うつ病と大学院生の日記

大学院在学中にうつ病を患った一人の人間。そんな凡人が書く日記。

07.別人になったような気分

大学院に入学してから、自分は別人になったと思う。というのも昨日、昔のクロッキー帳をなんとなく開いてみたのだ。

そこに走らされていたペン跡はなんと生き生きしていることか。下手くそなスケッチだらけだったけど、それは驚く程瑞々しくみえた。建築のけの字も分からない青二才が書きなぐった、一生懸命な足跡。いまの自分と照らし合わせると、情けなくて、涙が溢れた。
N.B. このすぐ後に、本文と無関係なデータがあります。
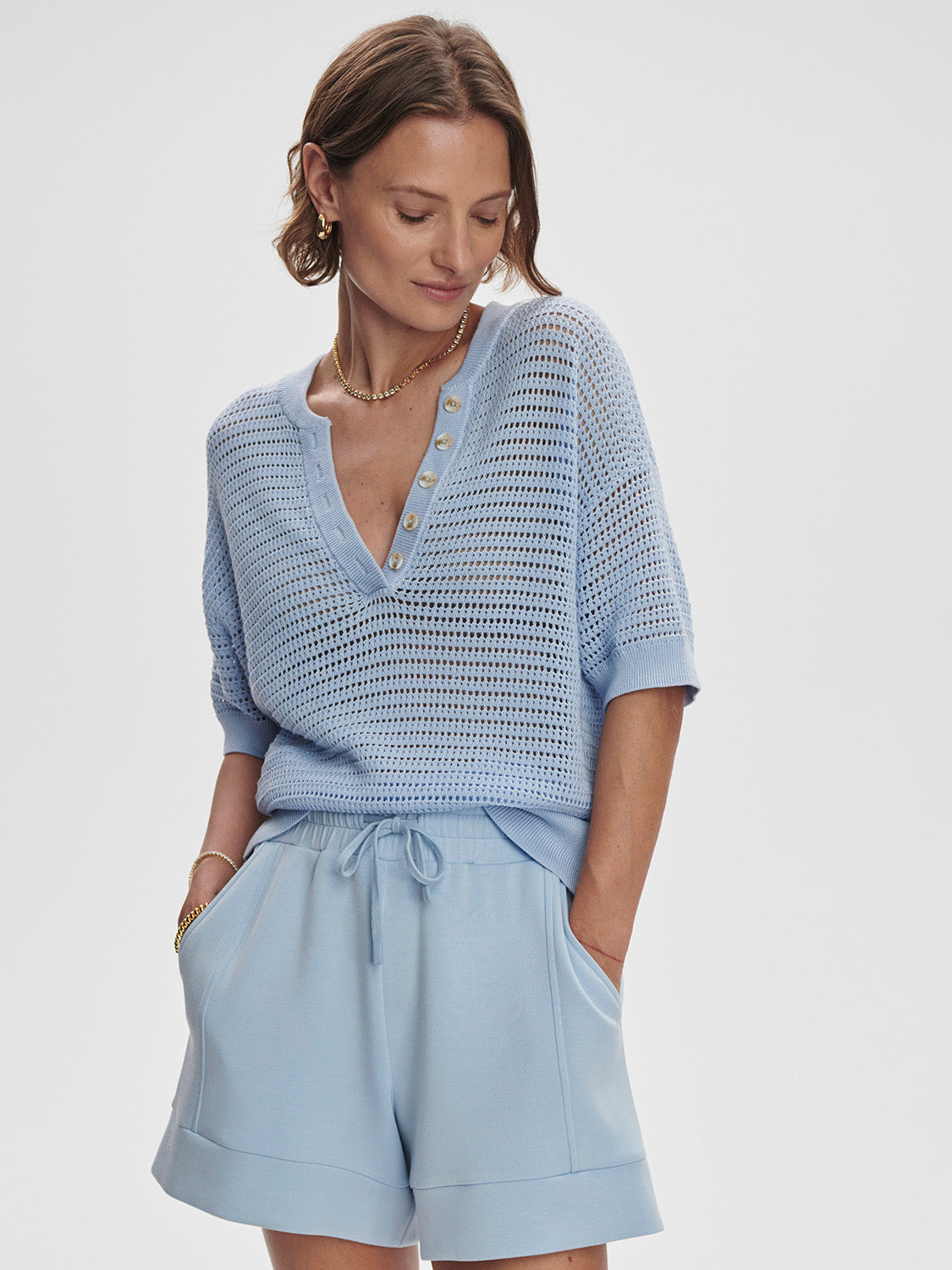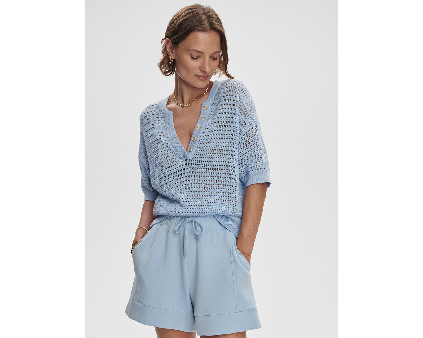 Crafted in our lightweight cotton mesh knit to a boxy, oversized silhouette, this top hangs elegantly off the frame with a deep V-neckline. Featuring short sleeves with dropped shoulders for a more relaxed fit, style with everything from active sets to everyday staples.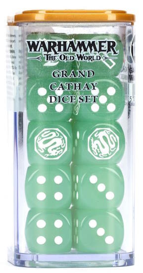 Dette er et Dice Set af 20 sekssidede terninger med afrundede kanter til brug i Warhammer: The Old World-spil, der har Armies of Grand Cathay som tema. De er støbt i jadegrøn akrylplast med hvide blækprikker og -designs og måler 16 mm langs hver kant. På standard-D6'erne er 1-5-siderne traditionelt udsmykket, og hver 6'er er dekoreret med det drakoniske ikon for Grand Cathay.

いまのスケッチブックを開いても、そこには文字の羅列ばかり。先生の発言を一言一句取りこぼさないよう、汚い文字の断片ばかりが残してある。自分の意志がどこにも見当たらない。見直しても、楽しくない。ワクワクしない。かつての自分は何でこんなに頑張れていたのだろう。何を目指していたのだろう。どんなことに希望を抱いていたのだろう。

もう一度、あの時の気持ちを思い出しながら、白紙のスケッチブックに立ち向かってみた。何も書けなかった。ペンが走らない。余計な邪念ばかりが邪魔をして、結局、文字で埋め尽くしてしまう。何をしているのだ。建築はもっと楽しいはずだ。ワクワクを絵にするだけの作業、それも、自分だけしか見ないものなのに、手が動かない。

今日もまた、何も進めることができなかった。「いやいやそんなことない、うまくいかなかったことだって進歩だよ」と、もう一人の自分が囁いてくるけど、そんな考え方が自然にできるんだったら、最初からこんな調子に陥っていない。ちゃんと進めるだろうか。不安ばかり。

自分が、自分でなくなってしまったような感覚。これが病気の症状なのか?そうだとしても、足かせひきづりながらでも、何かをつくらないと。そうしないと、いつまで経っても状況は変わらない。卒業したい。